Dataset items:
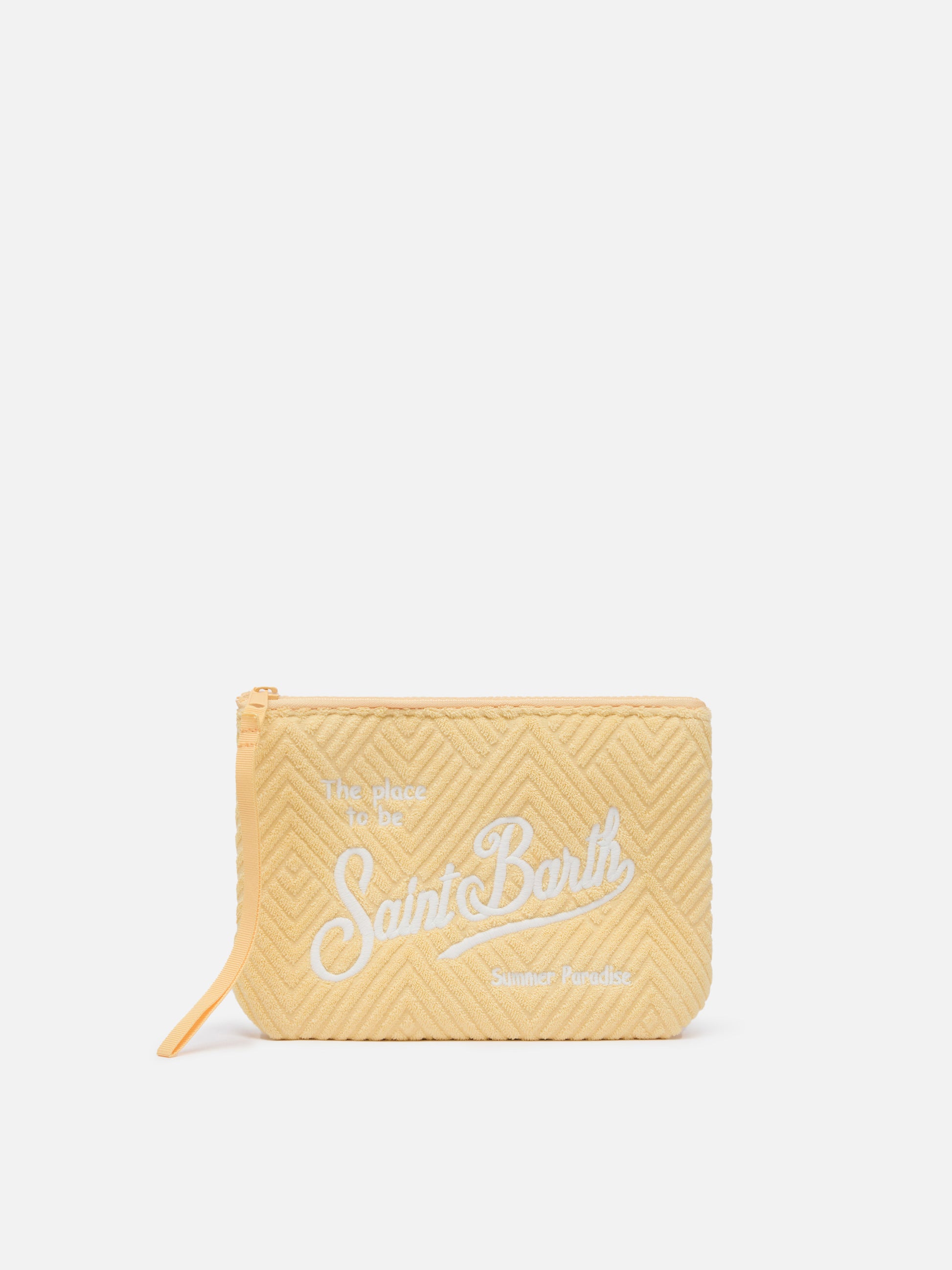 Aline Pochette aus gelb kariertem, geprägtem Frottee
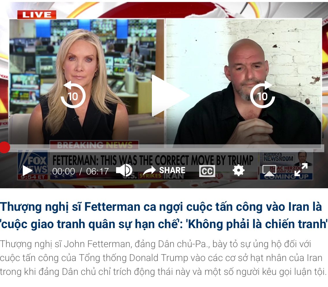 Như tôi đă duy tŕ từ lâu, đây là động thái đúng đắn của @potus", Thượng nghị sĩ Dân chủ Pennsylvania John Fetterman viết trên X vào thứ Bảy. "Iran là nhà tài trợ khủng bố hàng đầu thế giới và không thể có năng lực hạt nhân. Tôi biết ơn và kính trọng quân đội tốt nhất trên thế giới".
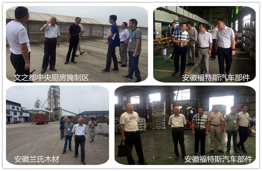 在桐城,走访了安徽文之都餐饮管理公司和安徽兰氏木业。二组理事(原大观区委主委)龙启斌带领童学军一行参观了中央厨房大型制作厂房,感受到餐饮服务市场新思路、新技术的创新模式。在怀宁,走访二组理事(原迎江区主委)胡孝德企业——安徽福斯特汽车部件有限,并参观标准化生产车间。
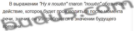 В значении какого времени употребляется прошедшее время в выражении «Ну, я пошёл»?
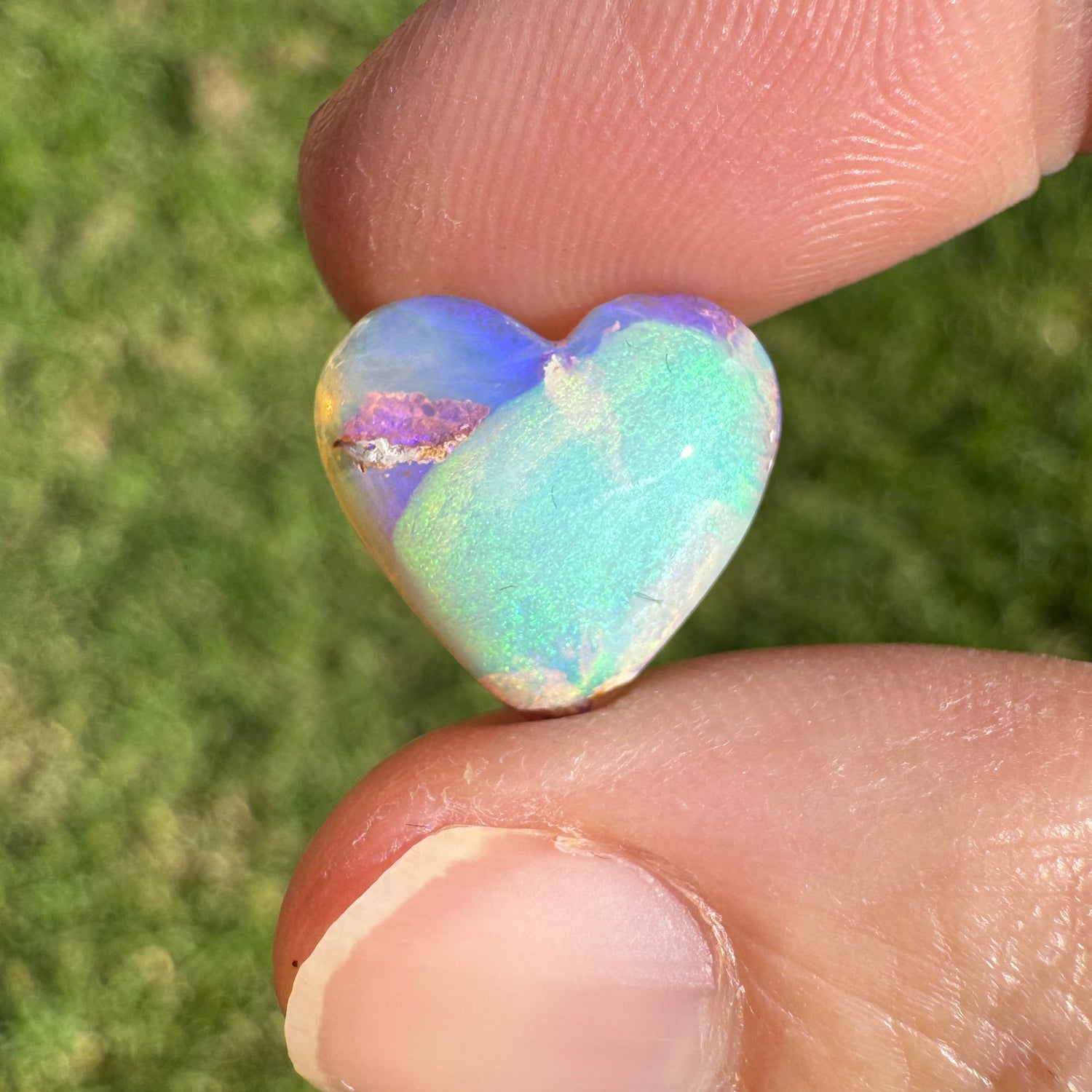 A stunning and rare wood replacement heart boulder opal. The colour combination of green and purple is truely one of a kind.
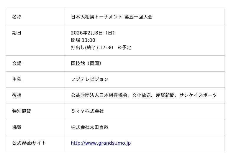 Sky株式会社は、2026年2月8日(日)に開催される「日本大相撲トーナメント 第五十回大会」に特別協賛いたします。
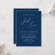 Elegantly announce your happily ever after with our modern romantic Navy Blue themed wedding elopement celebration invitation card, "Nothing Fancy, Just Love". Tailored for couples continuing their love story, this invitation strikes a perfect balance of sophistication and charm, setting the scene for an unforgettable event. Featuring a modern contemporary script design, it adds a touch of timeless grace to your special day. Designed by the talented TeeshaDerrick, this invitation is a stylish expression of your enduring love.
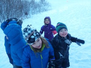 Why is it so important for young children to be immersed in nature? Why go to all the effort to physically touch and explore the natural world? Richard Louv, author of the famous book Last Child in the Woods: Saving Our Children from Nature-Deficit Disorder said that, “Time in nature is not leisure time; it’s an essential investment in our chidlren’s health (and also, by the way, in our own).” He believes that time in nature not only teaches a child to be more observant to the world around them but also ignites their imagination. It allows them to be part of something so much bigger than themselves. They also develope a more robust vocabulary. Nature is calming and teaches so many vital life lessons such as perseverance and healing. Spending time in the natural environment also gives students opportunities to be more physically active. While searching for clues of the animal life on PNA’s campus the students worked hard physically stooping and bending down to look at little mouse holes in the snow, trudging through thigh high snow, and climbing (then sliding down) snow covered hills. The Orca class got great excersise, lots of fresh air, and developed more curiosity and love for the animals that live all around us.
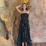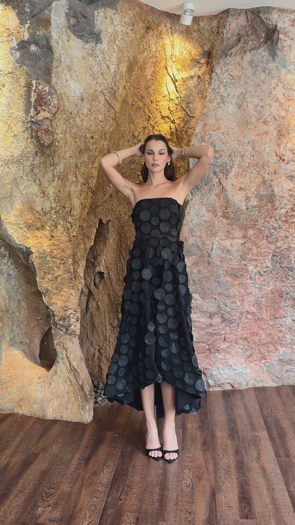 Delicate detail meets modern drama in this standout strapless gown. Featuring a clean, straight-across neckline and a structured boned bodice with built-in cups, this silhouette is designed to support and flatter. The A-line skirt adds volume and movement, finished with a striking hi-lo hemline that showcases your shoes with flair. Crafted from intricate laser cut 3D circle fabric, this dress offers a unique texture and a truly elevated finish. Fully lined and complete with an invisible back zip, it's the perfect choice for fashion-forward formal events, weddings, or special occasions.
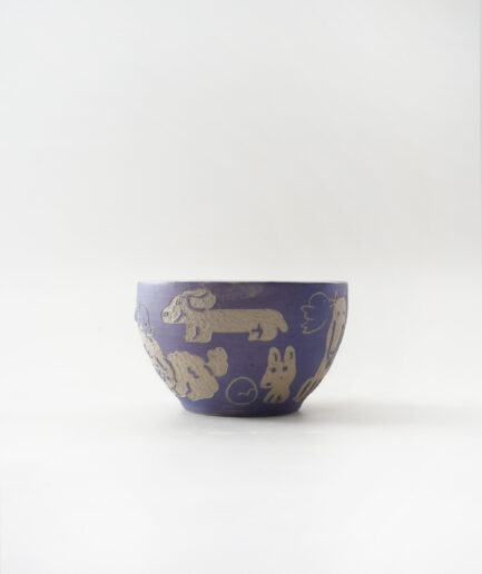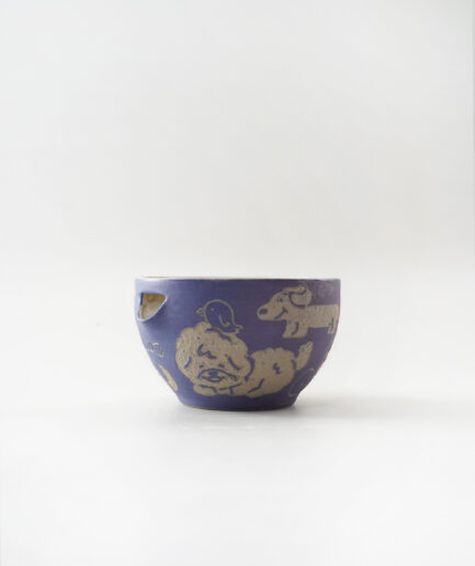 Niiliving Pottery – “In This Universe 4.0” Matcha Bowl Series: Where Dogs and Birds Play (Purple) Inverse Sgraffito A

▶ **Task**
Quote word for word only the lines above from the one containing "Như tôi đă duy" through the one containing "Sky株式会社は、2026年". Pictures stay out of your copy.

▶ **Written response**
 Như tôi đă duy tŕ từ lâu, đây là động thái đúng đắn của @potus", Thượng nghị sĩ Dân chủ Pennsylvania John Fetterman viết trên X vào thứ Bảy. "Iran là nhà tài trợ khủng bố hàng đầu thế giới và không thể có năng lực hạt nhân. Tôi biết ơn và kính trọng quân đội tốt nhất trên thế giới".
 在桐城,走访了安徽文之都餐饮管理公司和安徽兰氏木业。二组理事(原大观区委主委)龙启斌带领童学军一行参观了中央厨房大型制作厂房,感受到餐饮服务市场新思路、新技术的创新模式。在怀宁,走访二组理事(原迎江区主委)胡孝德企业——安徽福斯特汽车部件有限,并参观标准化生产车间。
 В значении какого времени употребляется прошедшее время в выражении «Ну, я пошёл»?
 A stunning and rare wood replacement heart boulder opal. The colour combination of green and purple is truely one of a kind.
 Sky株式会社は、2026年2月8日(日)に開催される「日本大相撲トーナメント 第五十回大会」に特別協賛いたします。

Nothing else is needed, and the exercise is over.